Klaus Baek Simonsen, PhD, Vice President, Discovery Chemistry, DMPK and Molecular Screening, Lundbeck
Dr. Klaus Bæk Simonsen is VP and Global Head of Discovery Chemistry, DMPK and Molecular Screening at Lundbeck. Klaus started his career at Lundbeck in 2005 as principal
scientist in Medicinal Chemistry Research, became Section Leader in 2006, Divisional Director of Medicinal Chemistry Research in 2008 and Divisional Director of Global
Discovery Chemistry and DMPK in 2012. Prior to joining Lundbeck, Klaus was employed at Anadys Pharmaceuticals, San Diego, California from 2000 to 2004 as Principal Scientist
and Project leader overseeing collaborations with Roche. From 2004-2005 he was Associate Professor at the Department of Medicinal Chemistry, Danish Pharmaceutical University,
Copenhagen. Dr. Simonsen holds a PhD degree in Organic Chemistry from University of Southern Denmark. Klaus was Post Doc at Aarhus University under the guidance of Professor
K.A. Jørgensen (1998-1999) and research fellow under the mentorship of Professor K.C. Nicolaou at The Scripps Research Institute, La Jolla, California (1999-2000).
Klaus is the author or co-author of more than 45 international peer reviewed publications and inventor or co-inventor of more than 15 patents. Klaus has more than 15 years’

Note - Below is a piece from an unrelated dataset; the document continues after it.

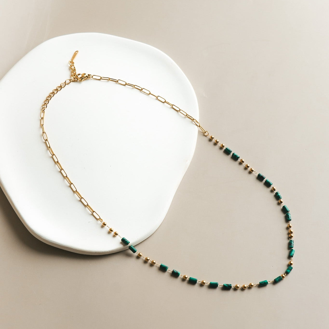 Necklace composed of a chain and a natural malachite stone. Add a touch of color to your style with this delicate necklace.

experience in drug discovery and medicinal chemistry, which has resulted in the nomination of more than 10 drug candidates to preclinical and clinical development for
many different target classes.
Eduard Urich, PhD, Pre-Clinical Project Leader and Senior Scientist, Roche Pharmaceutical Research and Early Development, NORD Discovery & Translational Area, Roche
Florence Wagner, PhD, Senior Group Leader, Medicinal Chemistry, Stanley Center for Psychiatric Research, The Broad Institute
Florence Wagner is a senior group leader in medicinal chemistry in the Stanley Center for Psychiatric Research at Broad Institute. Her group focuses on designing and implementing
strategies that will enable development of novel therapies for central nervous system–related psychiatric disorders, such as schizophrenia, bipolar disorder,
and cognitive impairment. These strategies include the rational design and development of novel, potent, and highly selective small molecules suitable for clinical
development. The targets span from epigenetics (HDACs), kinases, G-protein coupled receptors, and voltage-gated ion channels. Recent findings of note include the design
of a toolkit of differentially selective HDAC inhibitors to explore the functional activity of the individual HDAC isoforms and discovery of first-in-class isoform
selective inhibitors of the glycogen synthase kinase 3 (GSK3), which will provide key insights to direct therapeutic efforts. Wagner obtained her master’s degree
from the Department of Chemistry and Process Engineering at the Lyon (France) School of Chemistry and Electronics. Her keen interest in drug discovery developed out
of a year-long internship at Scynexis in North Carolina. From there, she went on to North Carolina State University, where her doctoral research under the supervision
of Daniel L. Comins focused on developing novel methods for the synthesis of nicotine derivatives for application in neurodegenerative disorders. Prior to joining
the Stanley Center, Wagner worked for Altiris (formerly Metastatix, Inc.) in Atlanta, GA, on the discovery of chemokine receptor modulators. She joined the Broad Institute
in 2008. Aside from her primary area of expertise in medicinal chemistry, Wagner is knowledgeable on the subjects of structural biology, pharmacology, and legal (patent)
issues. She is a two-time winner of the Outstanding Broad Retreat Poster award (in 2013 and 2014), and as of mid-2015 has produced 38 peer-reviewed articles, 4 review
articles, and 12 patent applications, 5 of which have been granted.